Help!  When I opened Calibre today, by library was empty!  Where have my 88 books gone?  I spent hours updating the meta data and won't do it again.  What a PIA.  Any ideas?
Judith


----------



## pidgeon92 (Oct 27, 2008)

First thing you should do.... Reboot your PC.


----------



## Atunah (Nov 20, 2008)

Is the folder your books are in still specified as your calibre library?


----------



## meljackson (Nov 19, 2008)

This happened to me too. I didn't have that many books though. 

Melissa


----------



## lulucello (Nov 18, 2009)

Rebooting didn't help.  The books are still in a download folder on my computer, but I think they were there before I corrected and organized all the metadata.  Duh.  I just don't have it in me to do it all again.
Judith


----------



## pidgeon92 (Oct 27, 2008)

Have you backed up your hard drive since you made the changes?


----------



## lulucello (Nov 18, 2009)

Ok.  I found the correct folder---craftily labeled Calibre Library.  I was able to re-import all the books (well, 68 of the 87 showed up.)  I guess I'm back in business, but I'm beginning to wonder if using Calibre has any real value for me.  I'm not trying to keep track of lots of books in a series.  In any case, thanks for your support.  Next time I won't panic.  I'll look in my files, first.  Thank you all.
Judith


----------



## Pushka (Oct 30, 2009)

Calibre is really confusing to me too at the moment, since the latest update. And it is all to do with the library. So you are not on your own lulucello.


----------



## mrscottishman (May 18, 2010)

Pushka said:


> Calibre is really confusing to me too at the moment, since the latest update. And it is all to do with the library. So you are not on your own lulucello.
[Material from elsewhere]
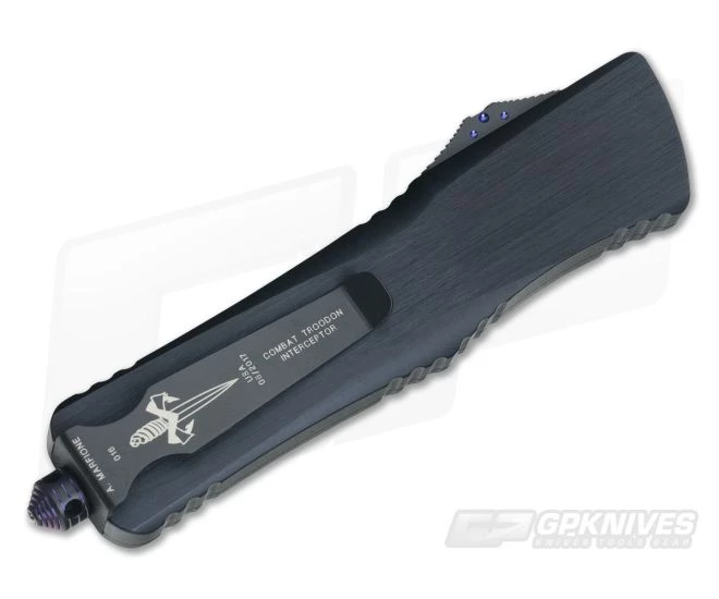 The Handle: Fully hefted anodized alloy offers 5.25 inches of handle, excluding the breaker, substantial enough for even the largest or gloved hands. It has a smooth, brushed satin look and feel with machined grooves perfectly placed on both outer sides. It is built with Microtech’s proprietary Purple ringed Titanium hardware, integrated glass breaker end and black pocket clip. The clip features the Customs dagger, USA 08/2017, model with maker and Serial #016.

You know Calibre has the ability to work with different libraries in different folders. The Calibre version changes so much I think we need a way that libraries would work with different Calibre versions! 
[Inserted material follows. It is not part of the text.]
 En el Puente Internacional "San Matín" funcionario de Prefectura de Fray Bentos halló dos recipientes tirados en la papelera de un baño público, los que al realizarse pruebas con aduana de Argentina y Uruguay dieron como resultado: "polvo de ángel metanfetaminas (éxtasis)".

I used to update every time it was available, but things are working pretty well with me now and I have stopped for a while.

Scott


----------



## Pushka (Oct 30, 2009)

mrscottishman said:


> You know Calibre has the ability to work with different libraries in different folders. The Calibre version changes so much I think we need a way that libraries would work with different Calibre versions!
> 
> I used to update every time it was available, but things are working pretty well with me now and I have stopped for a while.
> 
> Scott


Very wise. I wish I had done that one version ago! And it takes up so much computer power now to do things like conversions.


----------